[ACTIVITY]: Nothing is needed except the lines below that run from the one with "โมโลเดชโน่(5นัด 4ประตู)เนมาน กร็อดโน่(5" through the one with "- Covidien 18870", repeated exactly.
━━ MATERIAL SUPPLIED ━━
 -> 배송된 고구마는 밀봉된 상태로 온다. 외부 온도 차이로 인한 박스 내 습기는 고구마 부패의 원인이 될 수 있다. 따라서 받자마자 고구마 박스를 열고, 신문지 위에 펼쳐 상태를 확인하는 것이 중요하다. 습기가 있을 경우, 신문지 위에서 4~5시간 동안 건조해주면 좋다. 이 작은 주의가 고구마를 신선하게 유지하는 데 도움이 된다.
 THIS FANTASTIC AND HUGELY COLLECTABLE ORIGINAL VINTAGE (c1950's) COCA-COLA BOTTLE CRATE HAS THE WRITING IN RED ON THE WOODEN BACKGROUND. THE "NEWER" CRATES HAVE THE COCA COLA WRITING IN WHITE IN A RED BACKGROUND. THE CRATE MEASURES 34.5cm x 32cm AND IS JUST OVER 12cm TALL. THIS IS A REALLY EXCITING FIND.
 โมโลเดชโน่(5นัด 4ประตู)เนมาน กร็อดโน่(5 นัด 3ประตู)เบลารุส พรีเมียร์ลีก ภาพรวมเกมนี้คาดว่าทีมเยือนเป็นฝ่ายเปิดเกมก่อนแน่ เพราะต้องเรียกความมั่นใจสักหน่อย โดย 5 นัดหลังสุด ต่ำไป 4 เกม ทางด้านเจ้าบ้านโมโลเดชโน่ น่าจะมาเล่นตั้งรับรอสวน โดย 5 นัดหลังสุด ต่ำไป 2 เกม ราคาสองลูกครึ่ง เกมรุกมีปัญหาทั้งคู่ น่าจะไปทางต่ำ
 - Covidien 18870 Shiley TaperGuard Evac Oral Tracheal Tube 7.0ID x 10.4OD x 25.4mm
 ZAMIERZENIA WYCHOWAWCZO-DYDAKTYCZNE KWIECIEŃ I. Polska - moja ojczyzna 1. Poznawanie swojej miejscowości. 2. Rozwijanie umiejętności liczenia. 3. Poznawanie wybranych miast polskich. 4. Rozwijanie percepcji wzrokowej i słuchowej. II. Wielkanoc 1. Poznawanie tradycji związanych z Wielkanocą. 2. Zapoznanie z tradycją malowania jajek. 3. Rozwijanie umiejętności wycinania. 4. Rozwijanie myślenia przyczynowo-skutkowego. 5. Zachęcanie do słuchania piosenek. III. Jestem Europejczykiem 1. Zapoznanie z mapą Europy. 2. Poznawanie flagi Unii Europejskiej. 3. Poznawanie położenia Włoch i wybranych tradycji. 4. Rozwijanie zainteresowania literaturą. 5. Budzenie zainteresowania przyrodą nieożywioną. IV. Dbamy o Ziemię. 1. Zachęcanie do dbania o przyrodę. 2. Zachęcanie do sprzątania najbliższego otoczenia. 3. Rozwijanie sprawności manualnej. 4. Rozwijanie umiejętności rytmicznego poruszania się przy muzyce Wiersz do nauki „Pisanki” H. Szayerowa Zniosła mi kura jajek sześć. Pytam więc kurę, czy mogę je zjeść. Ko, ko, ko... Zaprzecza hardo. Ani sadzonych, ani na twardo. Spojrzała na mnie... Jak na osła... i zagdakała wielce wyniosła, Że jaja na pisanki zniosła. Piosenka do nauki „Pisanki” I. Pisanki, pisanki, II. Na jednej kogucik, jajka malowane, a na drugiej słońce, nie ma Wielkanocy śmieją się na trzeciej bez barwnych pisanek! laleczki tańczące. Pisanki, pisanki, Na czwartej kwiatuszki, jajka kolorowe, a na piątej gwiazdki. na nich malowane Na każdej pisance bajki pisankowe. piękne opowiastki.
━━━
━━ MATERIAL SUPPLIED ━━
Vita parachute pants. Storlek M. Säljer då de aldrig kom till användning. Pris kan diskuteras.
━━━
[RESULT OF THIS TASK]:
 โมโลเดชโน่(5นัด 4ประตู)เนมาน กร็อดโน่(5 นัด 3ประตู)เบลารุส พรีเมียร์ลีก ภาพรวมเกมนี้คาดว่าทีมเยือนเป็นฝ่ายเปิดเกมก่อนแน่ เพราะต้องเรียกความมั่นใจสักหน่อย โดย 5 นัดหลังสุด ต่ำไป 4 เกม ทางด้านเจ้าบ้านโมโลเดชโน่ น่าจะมาเล่นตั้งรับรอสวน โดย 5 นัดหลังสุด ต่ำไป 2 เกม ราคาสองลูกครึ่ง เกมรุกมีปัญหาทั้งคู่ น่าจะไปทางต่ำ
 - Covidien 18870 Shiley TaperGuard Evac Oral Tracheal Tube 7.0ID x 10.4OD x 25.4mm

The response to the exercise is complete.